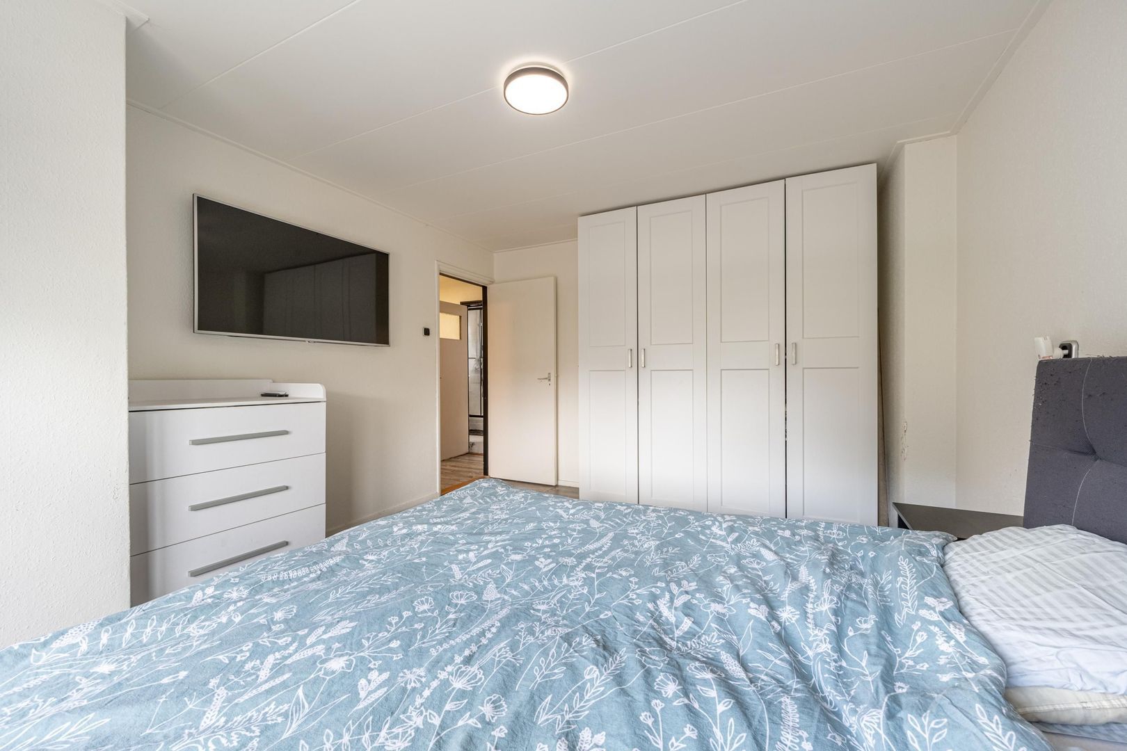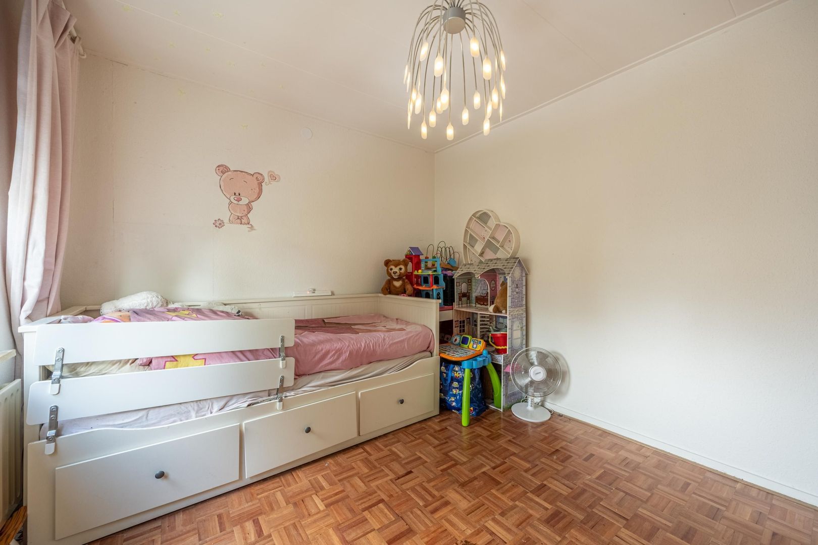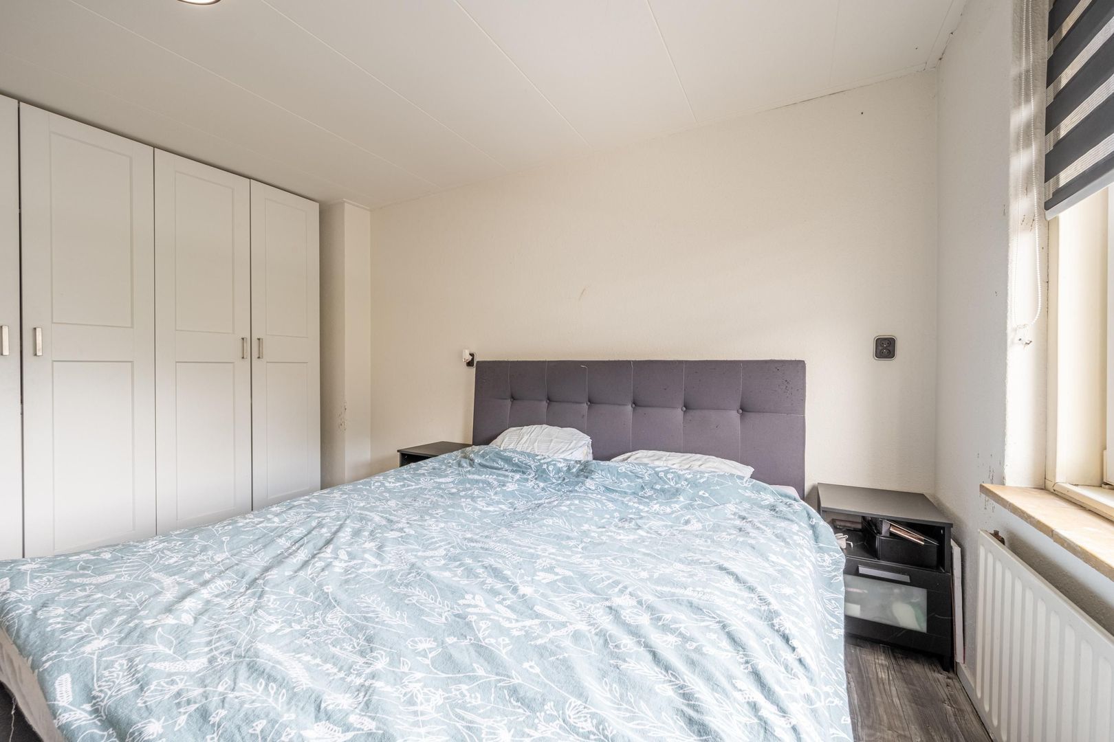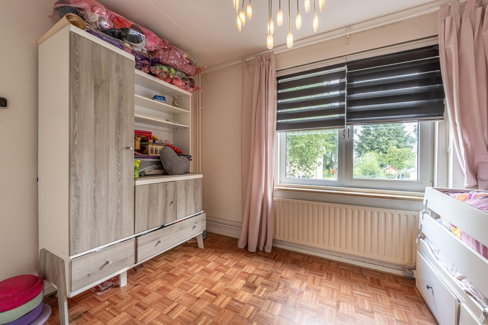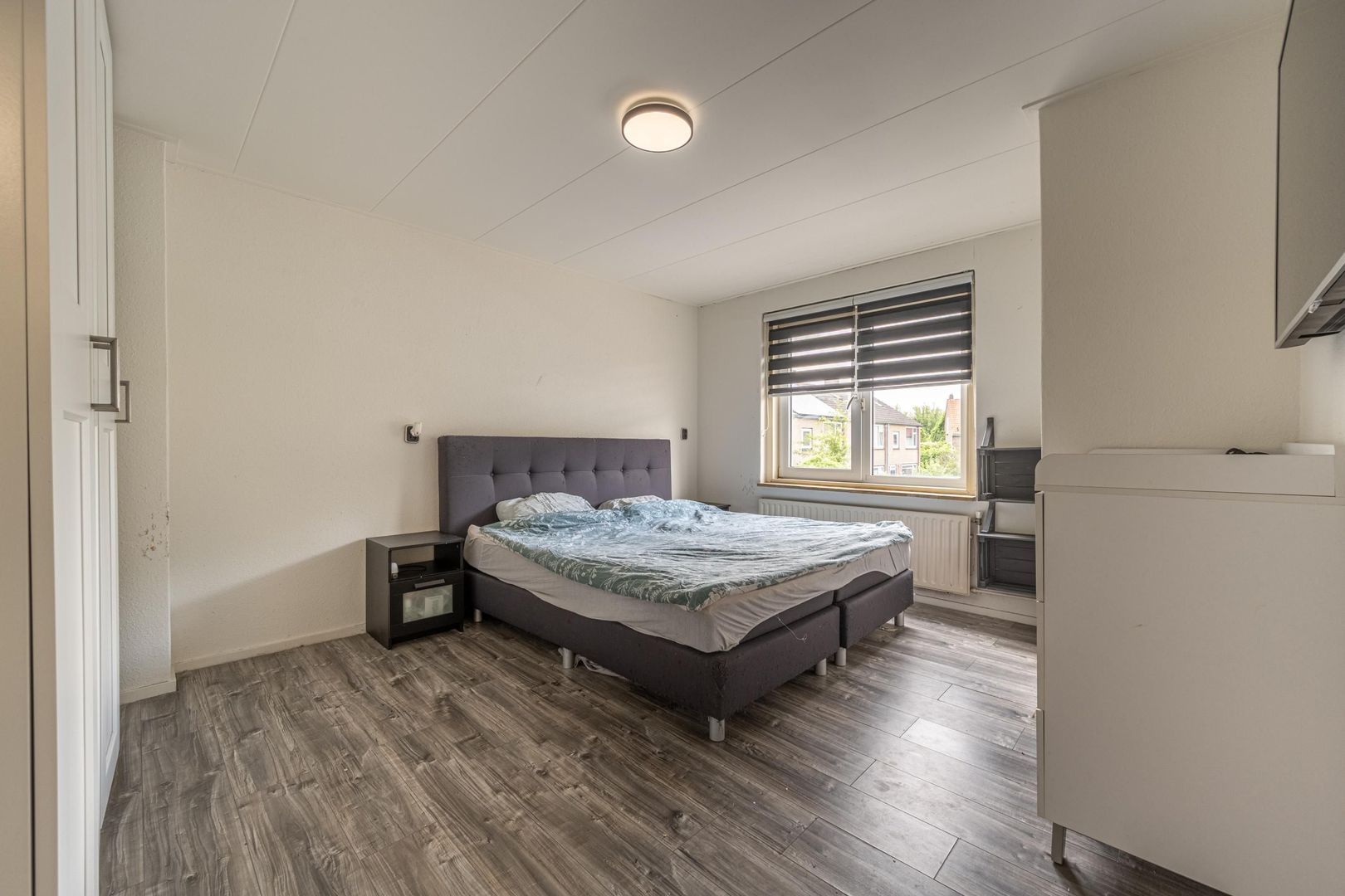 Op de verdieping zijn drie slaapkamers en de badkamer. Deze biedt ruimte aan een douchecabine, een wastafel met onderkastje en de wasmachine. Het raam kan open, zodat ventileren met frisse buitenlucht mogelijk is.
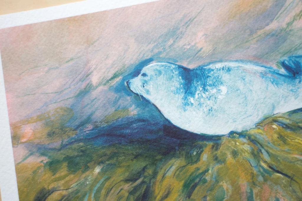 This gorgeous range of seal prints was inspired by Fiona's  trip to the Isle Of Skye where she took a boat trip and saw a colony of seals out in the wild.
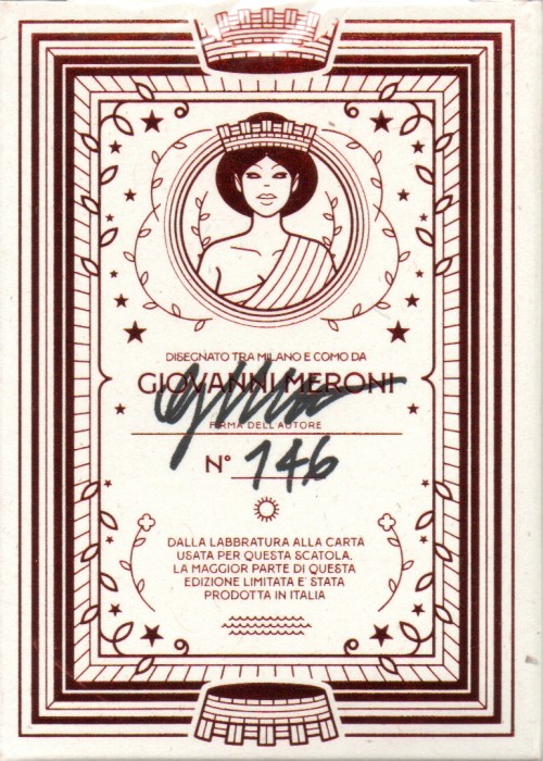 From Italy, with love. Explore Italy through deck of playing cards. Italia Lucente is the most "Italian" Signature Edition of Thirdway Industries. The deck houses Italia Radiosa cards with red lacquered edge print by Doliberg in Bergamo. The box is made of Italian paper with red metallic foil, printed by Boshiero & Newton in Jesolo. Each box is hand-signed and hand-numbered by Gio himself. EXCLUSIVE TWI PATREON. Eternal Edition (EE) - This deck is mainly reserved to TWI Patrons. Hand-signed and numbered in Italy by the author, Giovanni Meroni. Lacquered edge print by Doliberg in Bergamo. Luxury box produced by Boshiero & Newton in Jesolo, with Italian papers and foil. Cards made by USPCC in the US with metallic ink. Limited Less than 600 decks made.
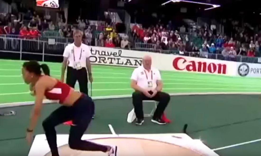 Η Κέντελ Ουίλιαμς "σημάδεψε" φωτογράφο κατά τη διάρκεια της σφαιροβολίας πεντάθλου στο παγκόσμιο πρωτάθλημα κλειστού στίβου στο Πόρτλαντ.
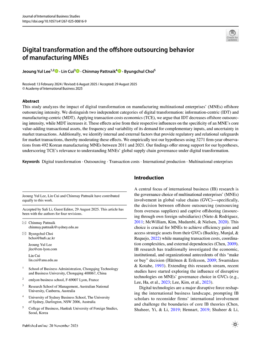 Jeoung Yul Lee, Lin Cui, Chinmay Pattnaik & Byungchul Choi. Digital transformation and the offshore outsourcing behavior of manufacturing MNEs [J]. Journal of International Business Studies, 2025. https://doi.org/10.1057/s41267-025-00816-9

# [TASK ITEM]
Extract only the lines from the one that contains "Η Κέντελ Ουίλιαμς" through the end of the records, inclusive, and omit every picture.

# [PROBLEM SOLUTION]
 Η Κέντελ Ουίλιαμς "σημάδεψε" φωτογράφο κατά τη διάρκεια της σφαιροβολίας πεντάθλου στο παγκόσμιο πρωτάθλημα κλειστού στίβου στο Πόρτλαντ.
 Jeoung Yul Lee, Lin Cui, Chinmay Pattnaik & Byungchul Choi. Digital transformation and the offshore outsourcing behavior of manufacturing MNEs [J]. Journal of International Business Studies, 2025. https://doi.org/10.1057/s41267-025-00816-9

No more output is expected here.